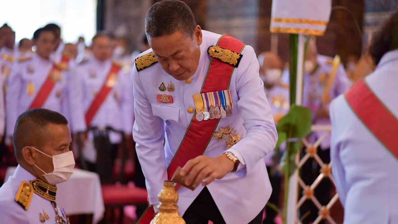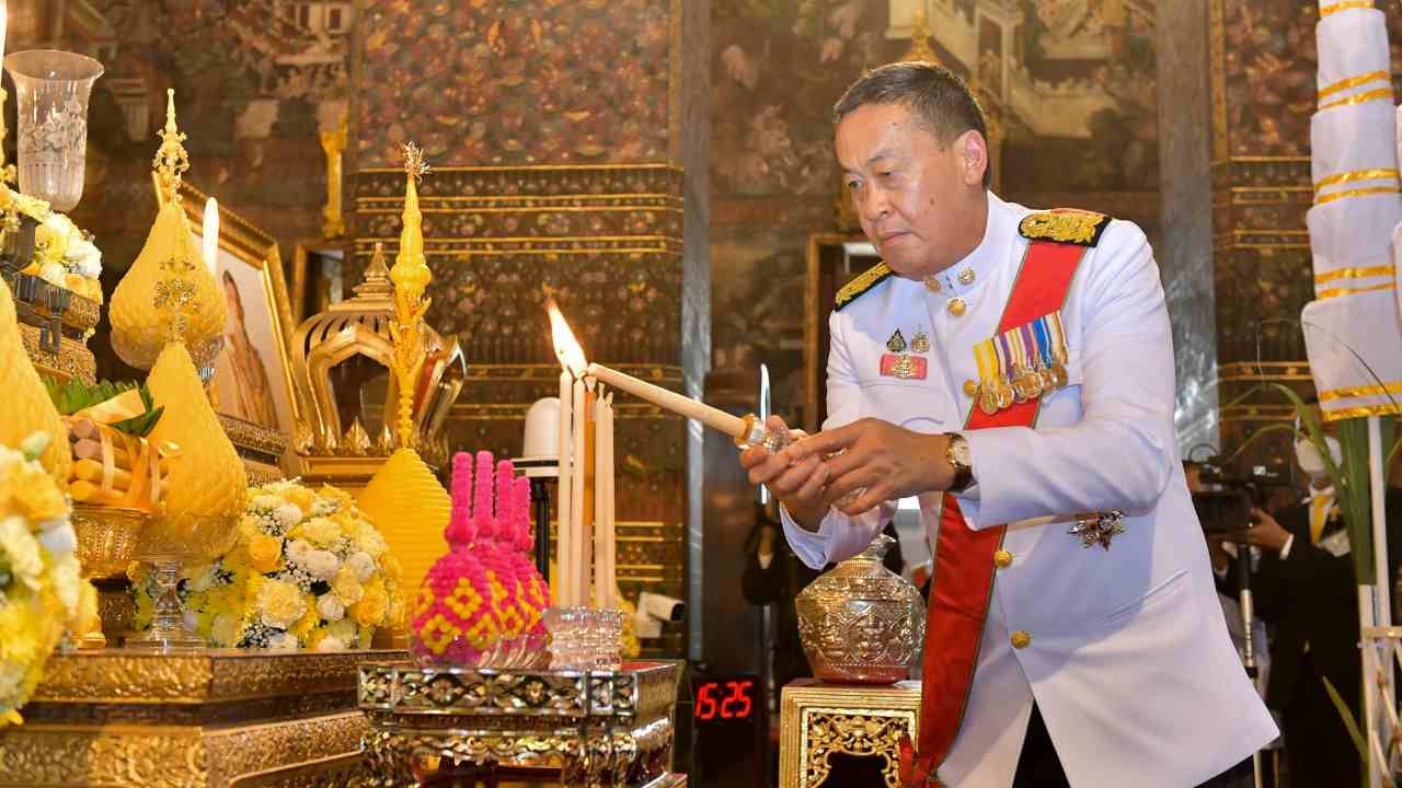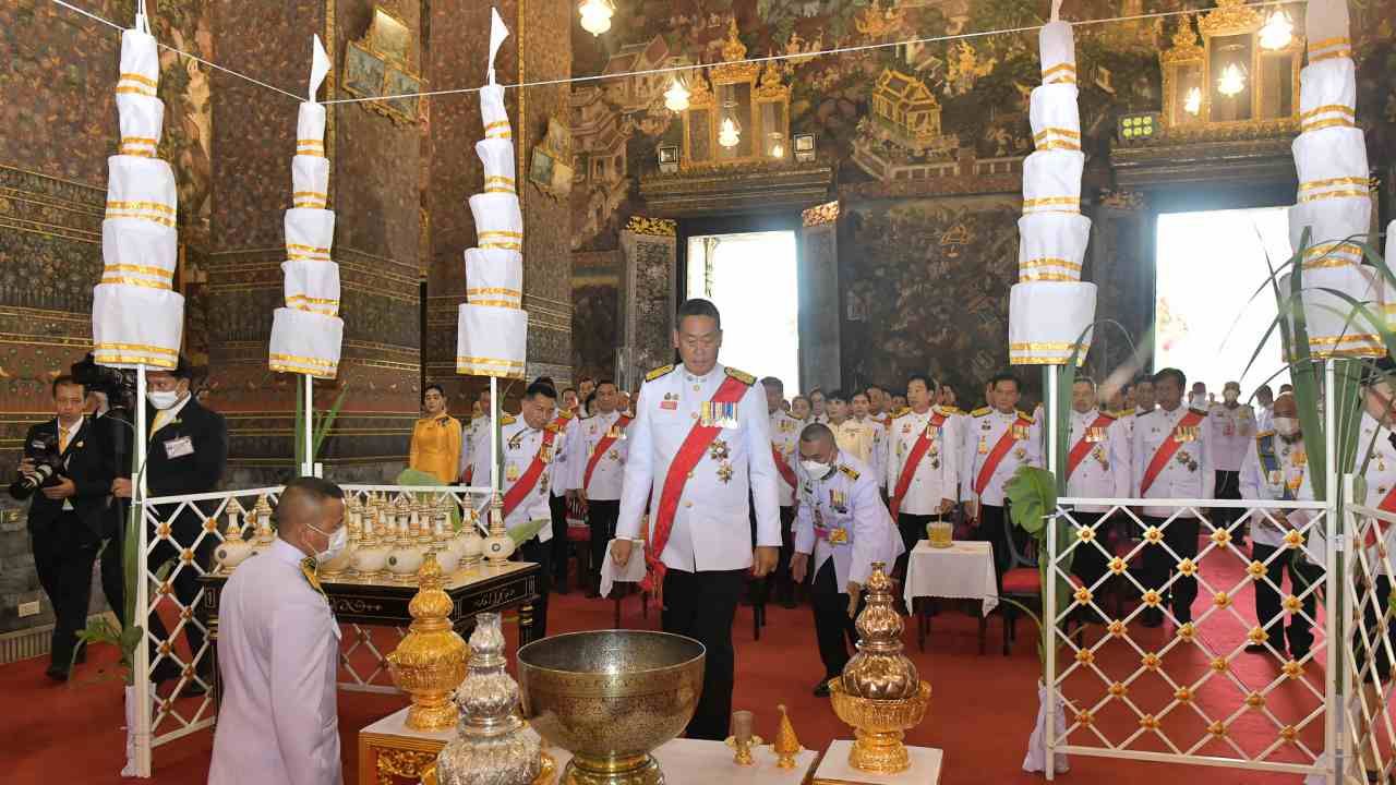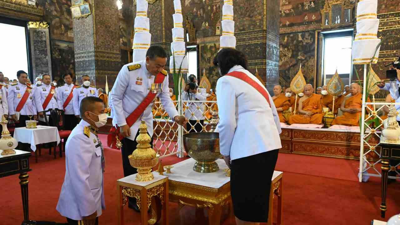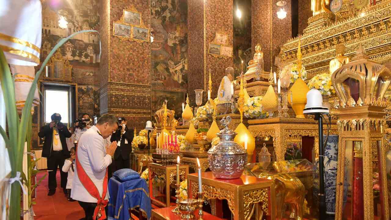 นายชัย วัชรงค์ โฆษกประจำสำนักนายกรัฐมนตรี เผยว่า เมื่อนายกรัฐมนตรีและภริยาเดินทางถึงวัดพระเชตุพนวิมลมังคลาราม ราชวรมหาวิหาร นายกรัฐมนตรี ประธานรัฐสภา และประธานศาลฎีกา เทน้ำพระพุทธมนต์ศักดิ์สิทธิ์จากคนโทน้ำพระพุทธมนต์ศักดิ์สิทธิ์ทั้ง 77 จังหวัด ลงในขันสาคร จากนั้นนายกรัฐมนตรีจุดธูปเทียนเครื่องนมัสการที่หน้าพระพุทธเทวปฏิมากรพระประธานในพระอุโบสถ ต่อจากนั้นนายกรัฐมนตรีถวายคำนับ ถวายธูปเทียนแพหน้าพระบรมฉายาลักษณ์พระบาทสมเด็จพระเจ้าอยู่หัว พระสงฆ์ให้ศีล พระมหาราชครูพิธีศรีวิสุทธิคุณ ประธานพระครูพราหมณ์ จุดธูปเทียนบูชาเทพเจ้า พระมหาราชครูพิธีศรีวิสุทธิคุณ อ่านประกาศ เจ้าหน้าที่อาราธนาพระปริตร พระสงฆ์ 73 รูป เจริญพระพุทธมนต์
--
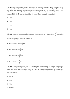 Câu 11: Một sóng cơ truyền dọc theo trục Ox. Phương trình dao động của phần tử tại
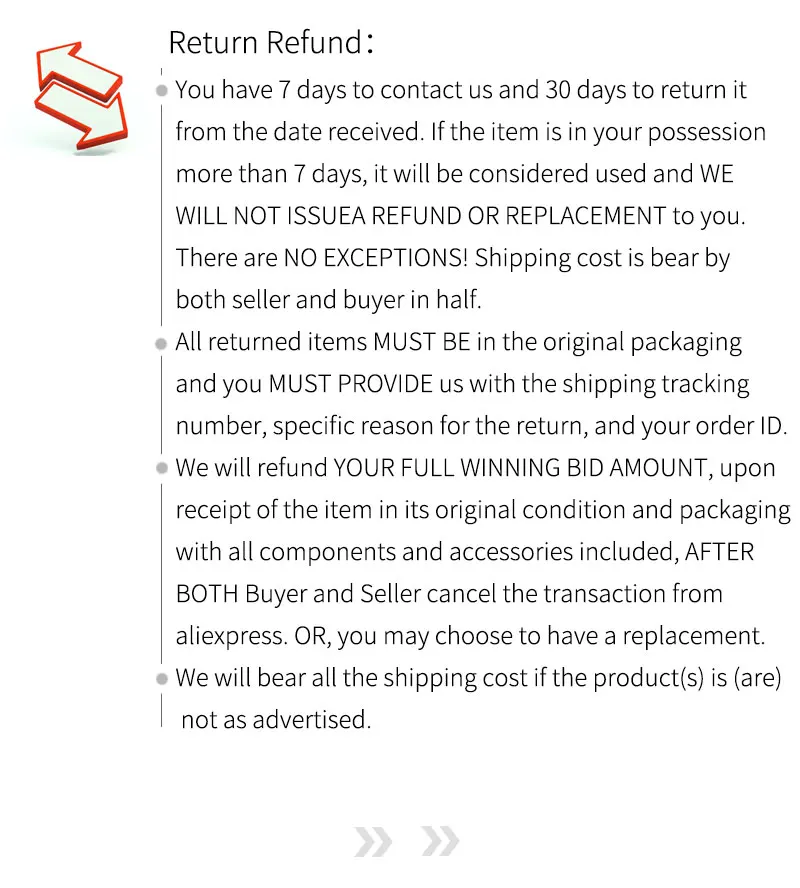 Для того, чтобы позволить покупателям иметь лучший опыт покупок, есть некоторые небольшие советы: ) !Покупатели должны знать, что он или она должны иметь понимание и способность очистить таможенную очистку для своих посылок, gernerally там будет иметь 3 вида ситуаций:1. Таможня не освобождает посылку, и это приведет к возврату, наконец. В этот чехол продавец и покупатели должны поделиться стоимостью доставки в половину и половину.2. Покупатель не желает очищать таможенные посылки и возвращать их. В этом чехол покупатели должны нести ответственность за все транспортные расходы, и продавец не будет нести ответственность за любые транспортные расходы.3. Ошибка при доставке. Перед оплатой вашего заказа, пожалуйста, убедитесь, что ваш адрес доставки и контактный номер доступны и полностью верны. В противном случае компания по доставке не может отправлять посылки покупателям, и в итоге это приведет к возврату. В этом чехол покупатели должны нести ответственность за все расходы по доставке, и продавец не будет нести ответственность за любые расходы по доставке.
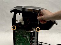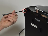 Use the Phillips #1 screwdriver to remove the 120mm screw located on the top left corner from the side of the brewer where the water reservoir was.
--
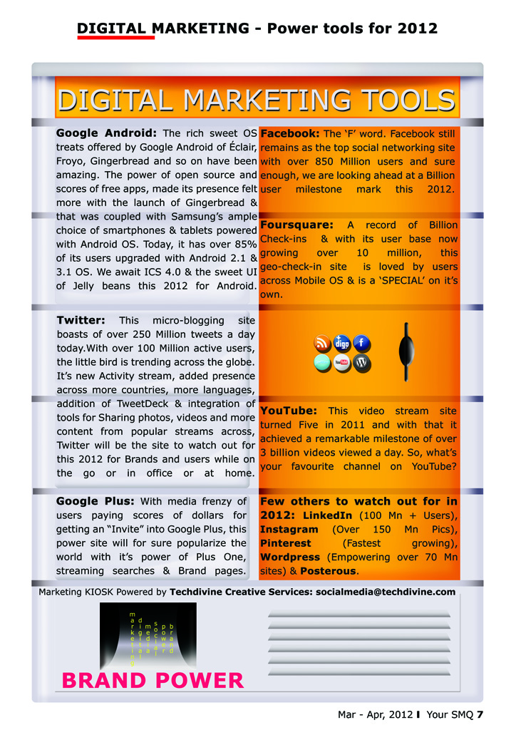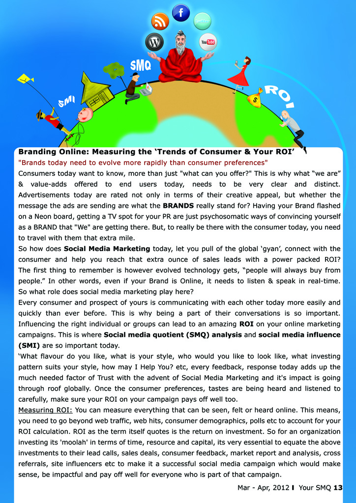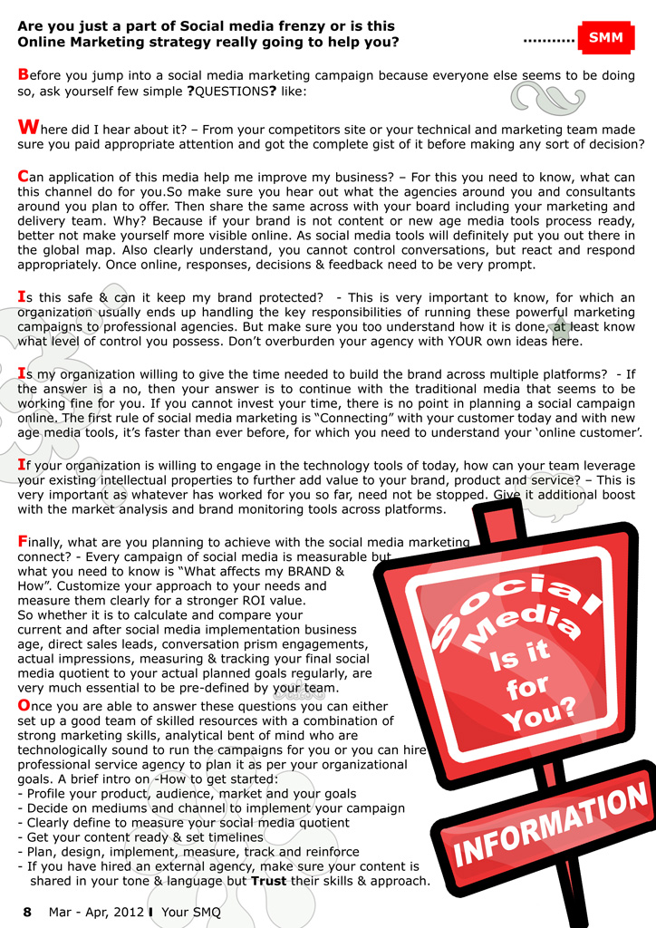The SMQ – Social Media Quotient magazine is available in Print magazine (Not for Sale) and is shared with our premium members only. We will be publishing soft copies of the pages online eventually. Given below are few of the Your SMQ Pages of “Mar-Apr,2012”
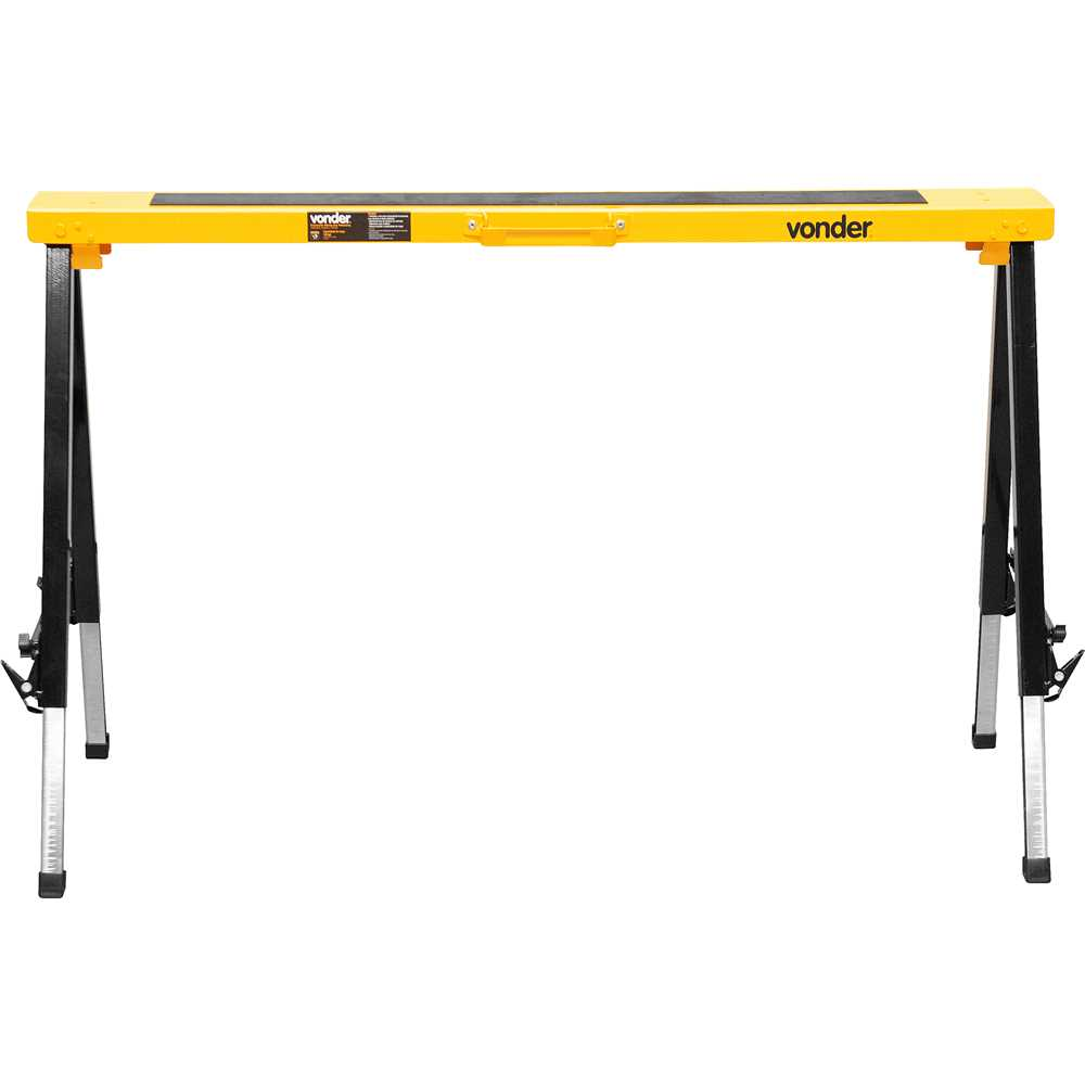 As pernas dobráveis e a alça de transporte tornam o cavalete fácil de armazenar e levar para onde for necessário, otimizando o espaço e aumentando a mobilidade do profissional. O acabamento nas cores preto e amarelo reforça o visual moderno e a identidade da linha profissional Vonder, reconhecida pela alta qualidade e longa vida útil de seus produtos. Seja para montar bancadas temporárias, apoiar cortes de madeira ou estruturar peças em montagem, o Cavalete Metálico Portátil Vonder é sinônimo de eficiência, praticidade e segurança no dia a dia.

WHAT IS EXPECTED: Reproduce, word for word, only the lines in the records above from the line with "Câu 11: Một" through the line with "Use the Phillips", including both ends; omit the pictures.

WRITTEN ANSWER:
 Câu 11: Một sóng cơ truyền dọc theo trục Ox. Phương trình dao động của phần tử tại
 Для того, чтобы позволить покупателям иметь лучший опыт покупок, есть некоторые небольшие советы: ) !Покупатели должны знать, что он или она должны иметь понимание и способность очистить таможенную очистку для своих посылок, gernerally там будет иметь 3 вида ситуаций:1. Таможня не освобождает посылку, и это приведет к возврату, наконец. В этот чехол продавец и покупатели должны поделиться стоимостью доставки в половину и половину.2. Покупатель не желает очищать таможенные посылки и возвращать их. В этом чехол покупатели должны нести ответственность за все транспортные расходы, и продавец не будет нести ответственность за любые транспортные расходы.3. Ошибка при доставке. Перед оплатой вашего заказа, пожалуйста, убедитесь, что ваш адрес доставки и контактный номер доступны и полностью верны. В противном случае компания по доставке не может отправлять посылки покупателям, и в итоге это приведет к возврату. В этом чехол покупатели должны нести ответственность за все расходы по доставке, и продавец не будет нести ответственность за любые расходы по доставке.
 Use the Phillips #1 screwdriver to remove the 120mm screw located on the top left corner from the side of the brewer where the water reservoir was.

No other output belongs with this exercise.